Input for this task
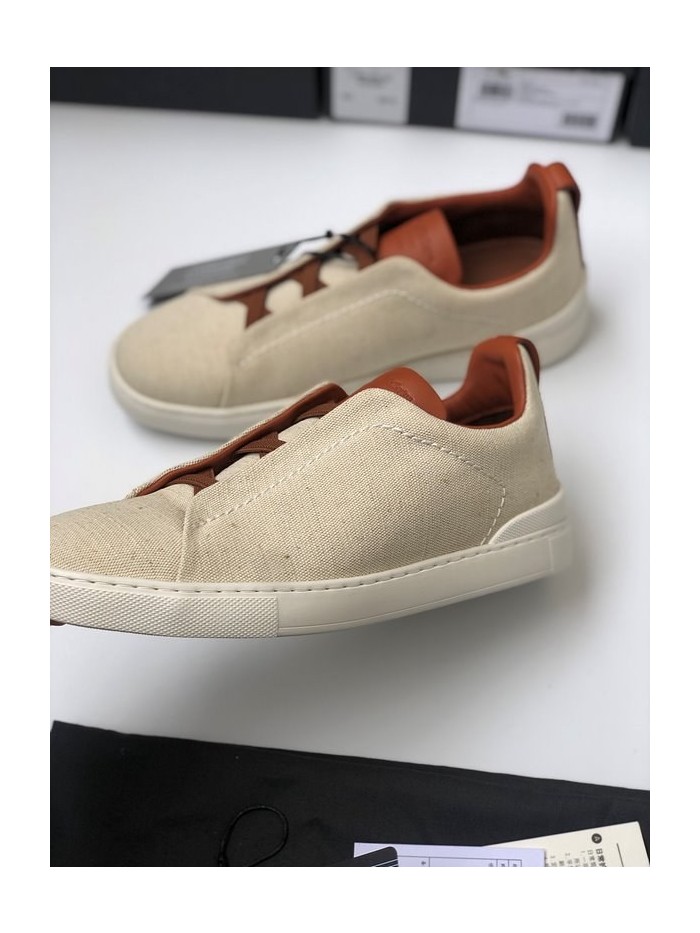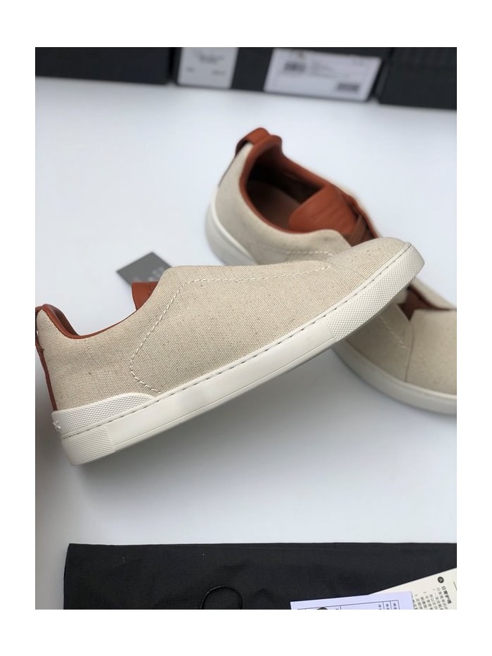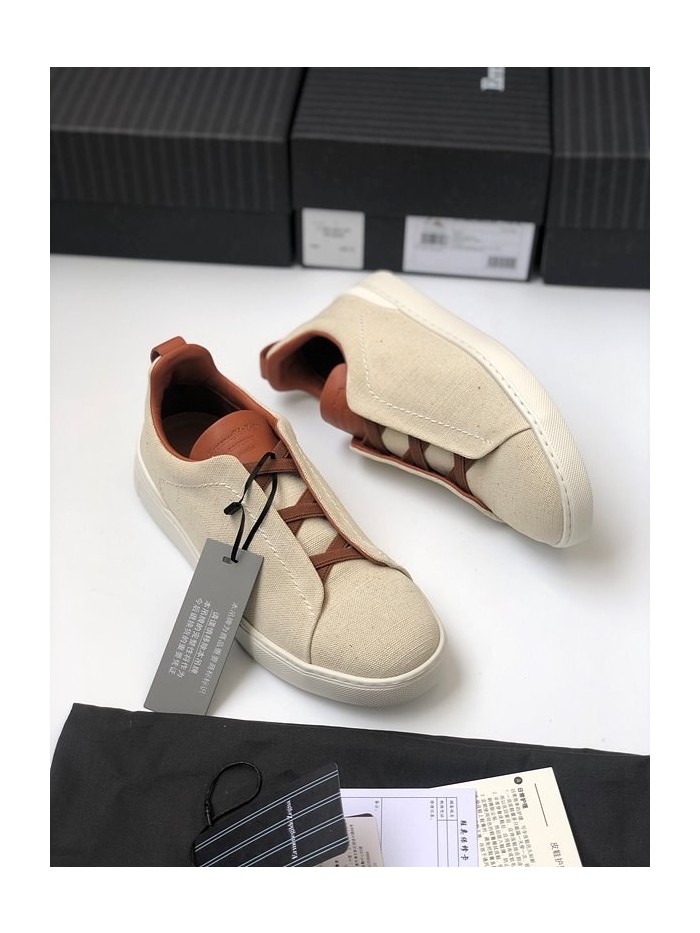 ZEGNA 제냐 트리플 스티치 로우탑 스니커즈 / 화이트디어스킨 [매장가119만원대]
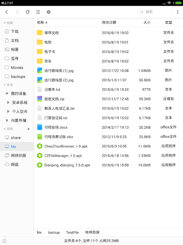 File Manager is a file management tool running on Android system, which supports touch screen, external mouse/keyboard and telecontroller, it provides a easy way to manage files on both your local disks and the file servers in your local network.
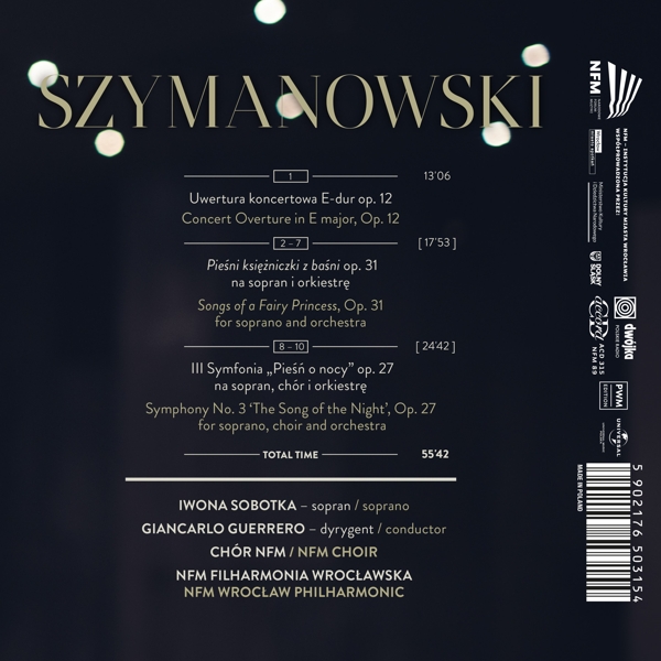 01. Guerrero, Giancarlo "Konzert-Ouvertüre op. 12 (2. Fassung)" Lieder einer M?rchenprinzessin op. 31 für Sopran und Orchester 02. Sobotka, Iwona "Nr. 1 Einsamer Mond" 03. Sobotka, Iwona "Nr. 2 Nachtigall" 04. Sobotka, Iwona "Nr. 3 Goldene Pantoffeln" 05. Sobotka, Iwona "Nr. 4 Tanz" 06. Sobotka, Iwona "Nr. 5 Lied der Welle" 07. Sobotka, Iwona "Nr. 6 Fest" Sinfonie Nr. 3 op. 27 "Das Lied von der Nacht" 08. Sobotka, Iwona "1. Moderato assai" 09. Sobotka, Iwona "2. Vivace, scherzando" 10. Sobotka, Iwona "3. Largo"
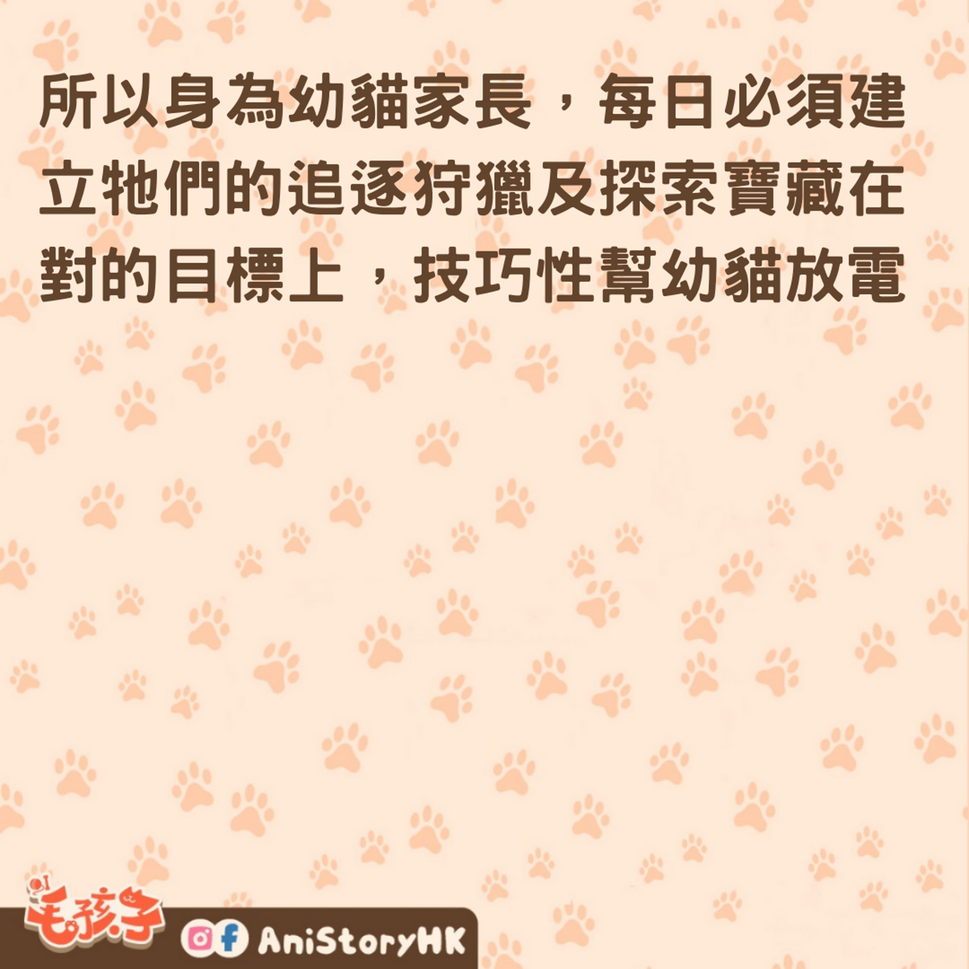 所以⾝為幼貓家長,每⽇必須建立牠們的追逐狩獵及探索寶藏在對的⽬標上,技巧性幫幼貓放電!
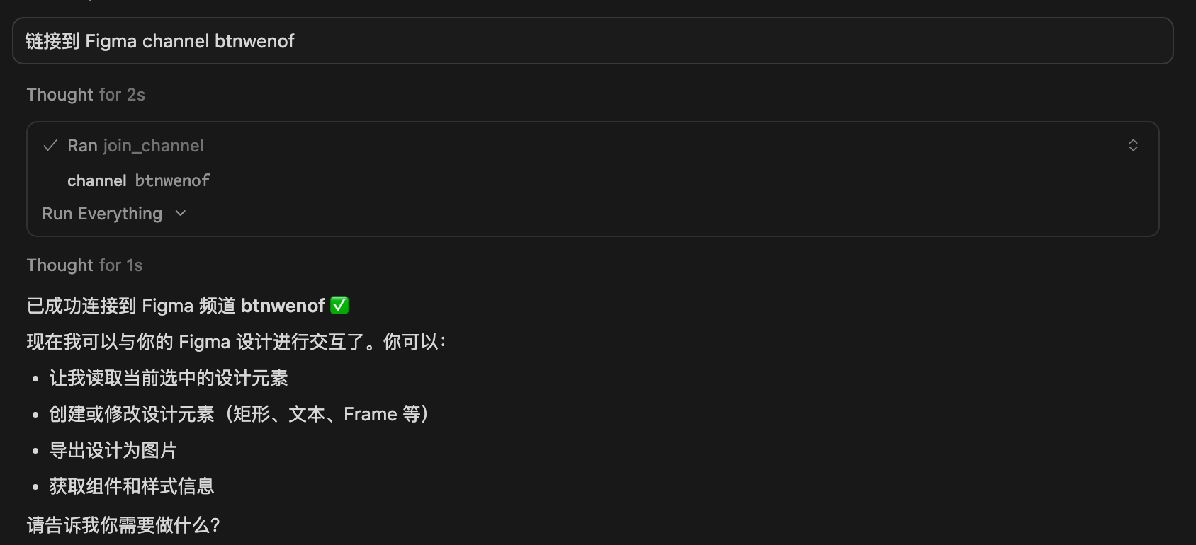 配置完成后,在 Cursor 的 Chat 里就能直接和 Figma 设计稿交互了。

The task
What you produce must match the listing word for word, with no images in it.

Answer section
 ZEGNA 제냐 트리플 스티치 로우탑 스니커즈 / 화이트디어스킨 [매장가119만원대]
 File Manager is a file management tool running on Android system, which supports touch screen, external mouse/keyboard and telecontroller, it provides a easy way to manage files on both your local disks and the file servers in your local network.
 01. Guerrero, Giancarlo "Konzert-Ouvertüre op. 12 (2. Fassung)" Lieder einer M?rchenprinzessin op. 31 für Sopran und Orchester 02. Sobotka, Iwona "Nr. 1 Einsamer Mond" 03. Sobotka, Iwona "Nr. 2 Nachtigall" 04. Sobotka, Iwona "Nr. 3 Goldene Pantoffeln" 05. Sobotka, Iwona "Nr. 4 Tanz" 06. Sobotka, Iwona "Nr. 5 Lied der Welle" 07. Sobotka, Iwona "Nr. 6 Fest" Sinfonie Nr. 3 op. 27 "Das Lied von der Nacht" 08. Sobotka, Iwona "1. Moderato assai" 09. Sobotka, Iwona "2. Vivace, scherzando" 10. Sobotka, Iwona "3. Largo"
 所以⾝為幼貓家長,每⽇必須建立牠們的追逐狩獵及探索寶藏在對的⽬標上,技巧性幫幼貓放電!
 配置完成后,在 Cursor 的 Chat 里就能直接和 Figma 设计稿交互了。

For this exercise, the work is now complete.